Cold aisle temperature is the temperature of the alternating cold aisles in a data center. Data centers are often set up in a cold aisle/hot aisle format where the server racks are lined up in alternating rows with cold air intakes facing each other and hot air exhausts facing each other. This creates “cold aisles” where the cold air intakes are located. This is relevant to re-rating modular cooling units because the entering water temperature to the process cooling water loop may be adjusted to simulate a change in the cold-aisle temperature and better distribute temperature on the data center floor.
Previous and current local weather temperatures affect the overall cooling capacity of the data center. By having a granular understanding of local weather by the hour, the cooling capacity of the data center may be adjusted to conserve or expend more energy as needed based on the natural adjustments set by the climate. By having detailed weather data spanning over a long period of time with fine granularity, the historical weather data may be used to better predict changes throughout the year.
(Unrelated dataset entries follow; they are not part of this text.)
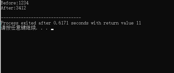 #include<stdio.h> int main() { union date { short i; char c[2]; }; union date x; char tmp; x.i=0x1234; short a=0x1234; printf("Before:%xn",a); tmp=x.c[0]; x.c[0]=x.c[1]; x.c[1]=tmp; printf("After:%xn",x.i); }
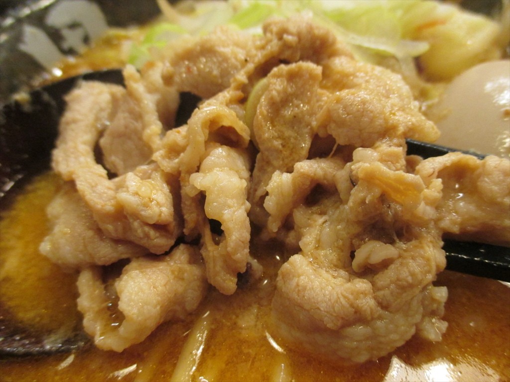 チャーシューは無く入ってくるのは豚の柔らか煮。これが生姜がばっちり利いてて量もたっぷり。後半にはスープの味も1段上げる働きもしてくれます。いやホントなんでこれを使った丼ものが無いのか不思議なくらい。
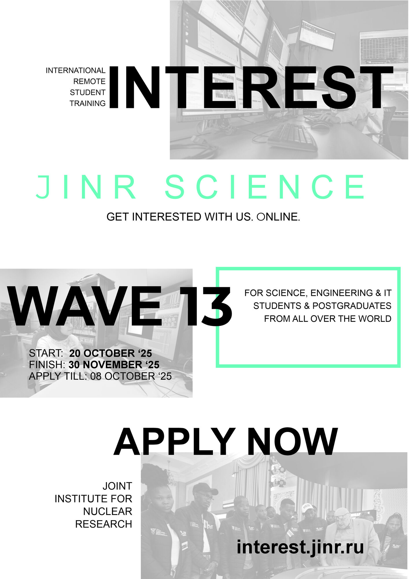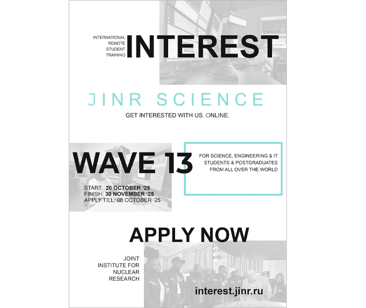 From 20 October to 30 November 2025, the JINR University Centre will hold the Wave 13 of the INTEREST (International Remote Student Training) online programme. The participants will work on selected projects under the JINR researchers’ supervision. Interest is a prospective platform for the development of international cooperation in education allowing students and postgraduates to get acquainted with the Institute’s activities of and work on projects remotely.
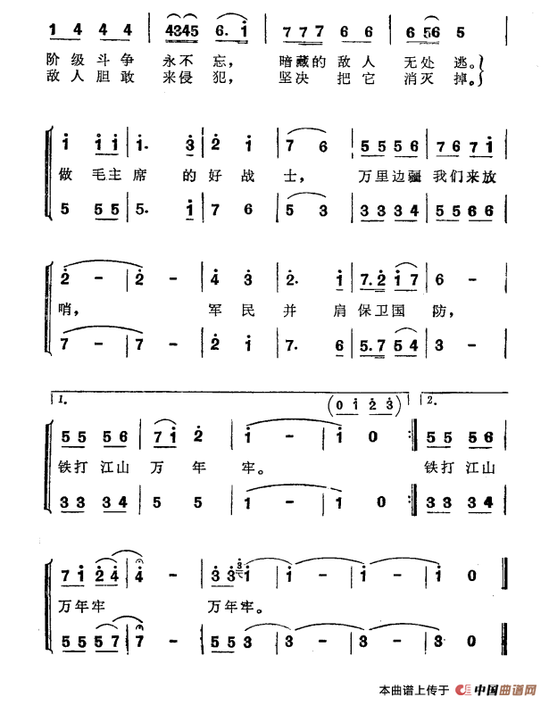 军民并肩守边防合唱谱

This allows for proactive adjustments to the cooling system based on how the local temperature will likely change over time.
Hydraulic capacity is the maximum water flow rate of the cooling system that is determined by the water pump capacity, water pipe, and operation requirements. Hydraulic capacity operates as a constraint when re-rating modular cooling units. This is factored into the re-rating process by looking at hydraulic model results for on-site flow testing to indicate the maximum process cooling water flow rate that can be achieved under normal and failure operation. This is considered to avoid hydraulic shortfall and thermal runaway. Thermal runaway describes a process that is accelerated by increased temperature, in turn releasing energy that further increases temperature. Doing this also allows for the estimation of cooling module failures and the ability to plan maintenance accordingly.
The location specific metrics may be modeled to create an accurate and advanced re-rate calculator that is specific to the location of the data center and the parameters of the modular cooling units. This modeling may be presented to the user through an application programming interface. The application programming interface may also present topology information, such as the number of central utilities buildings attached to the cooling system, individual cooling plan information, and sub buildings attached to the cooling system. Further, the interface may also present capacity information relating to total number of central utilities buildings/redundant cooling plants information, cooling system total, and redundant cooling capacities aggregated from the individual cooling plant. The application programming interface may also provide information regarding off-floor cooling reservations, which is classified by all cooling equipment that is consumed in the process cooling water loop cooling capacity but is not located on the data center floor. This information is relevant because when calculating the cooling capacity, the off-floor cooling reservations should be deducted from the total central utilities building cooling capacity.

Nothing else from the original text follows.